Because he ultimately understood something he did not then: the meaning of repetition depends on where the dream is aimed and who holds agency.

Joseph’s youthful dreams were aimed directly at people—at his brothers, at his parents, at their submission to him. They provoked resistance. Those who felt targeted fought the message, and history slowed.

Pharaoh’s dreams are different—not because they are truer, but because Joseph presents them differently.

Joseph does not tell Pharaoh that HIS reign will collapse or that HIS legacy will be erased. He does not aim the dream at Pharaoh’s ego. He does not place Pharaoh at the center of decline and does not elevate himself as the savior.

Instead, Joseph shifts the focus outward—to the land, to the people, to the coming conditions. Egypt will suffer. The famine will devastate the country. The threat is environmental and collective, not personal.

By doing so, Joseph removes both himself and Pharaoh from the line of fire.

Joseph learned an important lesson: when a dream threatens reality rather than pride, it accelerates history.

His own dreams were delayed because they challenged people directly. Pharaoh’s dreams moved quickly because they challenge circumstances instead.

Joseph’s greatness is not merely interpretive; it is strategic. He transforms a divine warning into a solvable problem.

He gives Pharaoh a way forward—storage, planning, delegation, foresight. Pharaoh is no longer defending his status; he is protecting his people.

Joseph learned the difference between telling people what will happen to them and showing them what will happen around them.

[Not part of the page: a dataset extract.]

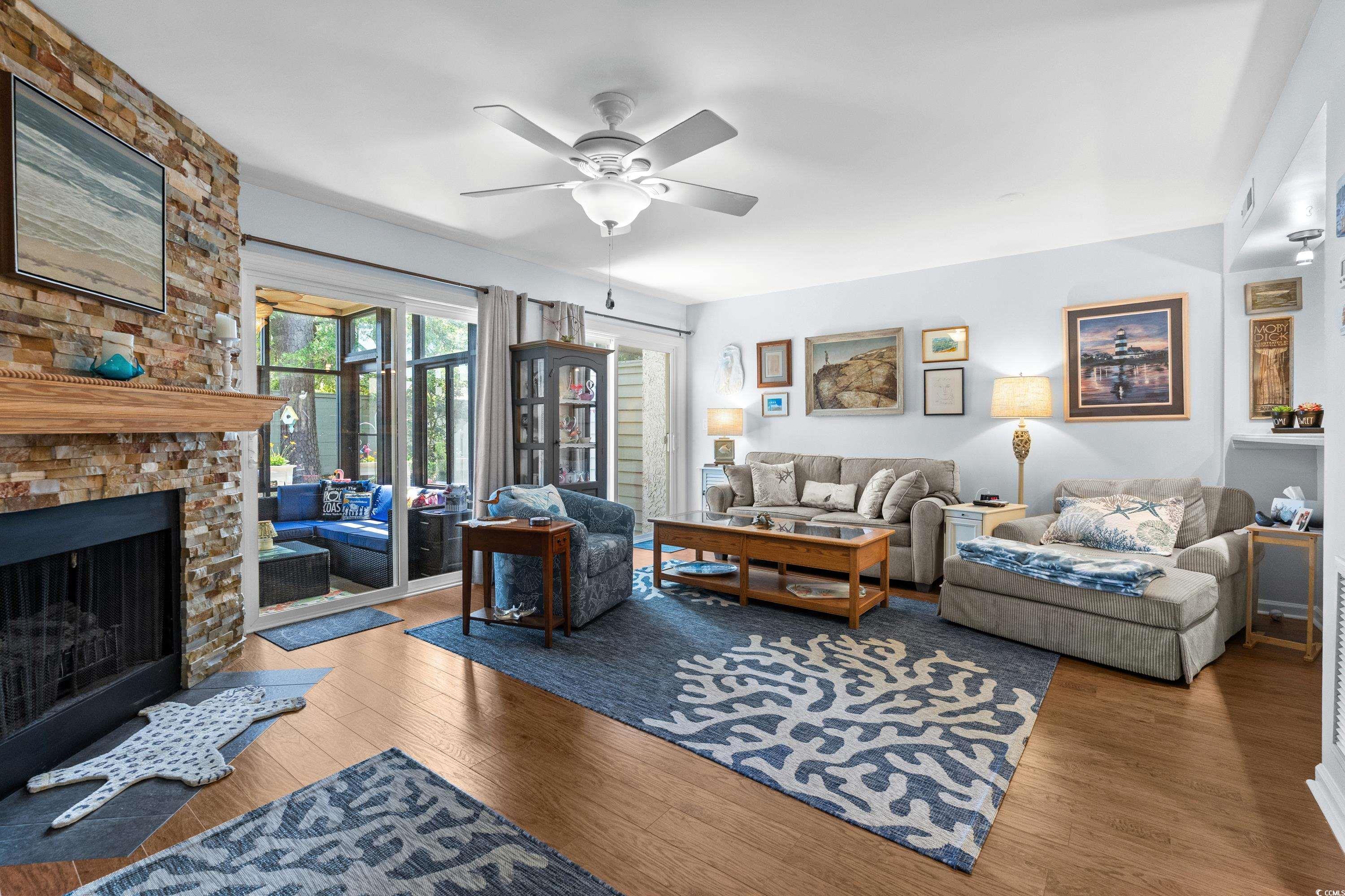 Beautifully updated and maintained 2 bedroom, 2.5 bath townhome style condo in the gated community of Shadow Moss in North Myrtle Beach. Located east of Hwy 17 and right beside Coastal North Town Center, Shadow Moss is conveniently located near Publix, Dicks, Hobby Lobby, TJ Maxx, PetSmart, restaurants and shops and is just a short golf cart ride to the beach! Within the past 2 years, the owner has made many updates like painting the entire interior, adding gutters to the front and back, adding a new air purification system with Ultraviolet light to HVAC, new outlets and light switches and an all-new bathroom in the primary suite. On the main level, we have an eat-in kitchen with ceiling fan over breakfast nook, updated tall cabinets, Corian-style countertops with built-in sink, tile backsplash, new GE stainless steel LG French door refrigerator and new GE stainless microwave over stove, dishwasher, garbage disposal, pantry and tile floors. Just off the eat-in kitchen is the laundry closet with a full-size stacked washer/dryer. In the main level hallway, there is a cute little butler’s pantry with a wine chiller, and a powder room with a new faucet. The sizable family room is highlighted with a beautiful floor-to-ceiling stacked-stone electric fireplace with mantle, ceiling fan, engineered hardwood floors, and 2 glass sliders that lead to the back patio and to the 3-season room. The glass enclosed 3 season room provides tons of sunlight and great views of the backyard area. It also has a ceiling fan, storage closet, and 2 screened windows that open as well as the storm door’s screened window. On the 2nd level, there are 2 bedrooms and 2 full bathrooms. The primary bedroom suite has a vaulted ceiling with a ceiling fan, new LVP flooring, double closets, and a glass slider leading to a private balcony overlooking the backyard. The completely updated primary bathroom features a new walk-in shower, new comfort height vanity with a granite countertop, new toilet and new door. The guest bedroom has engineered hardwood floors, a ceiling fan and an ensuite bathroom with tub/shower combo and tile floors. Owners are allowed pets and golf carts. Take a dip in the community pool on those hot summer days, meet friends in the clubhouse, or enjoy the nature around the onsite pond. HOA fee includes building insurance, common maintenance and repair, pool & landscape services, water & sewer, enhanced cable, internet, pest control, property management, legal/accounting, trash pickup and recycling. Come see this beautiful townhome-style condo that is so close to everything North Myrtle Beach has to offer: shopping, restaurants, entertainment, shag dance clubs, fishing, the Intracoastal Waterway…and don’t forget the amazing sandy beaches of the Atlantic Ocean!

The first creates enemies. The second creates leaders.

Truth, But Approach

Joseph did not abandon truth. He learned how to deliver it. Ben Shapiro also spoke about serious matters honestly, but perhaps poorly. He imagined himself as the true shepherd of the conservative movement and sought to de-platform others.

When you aim at people, they shield themselves. When you aim at conditions, people mobilize.

If you want history to move, do not take aim at the audience.
Give them the map—and let them walk into the future themselves.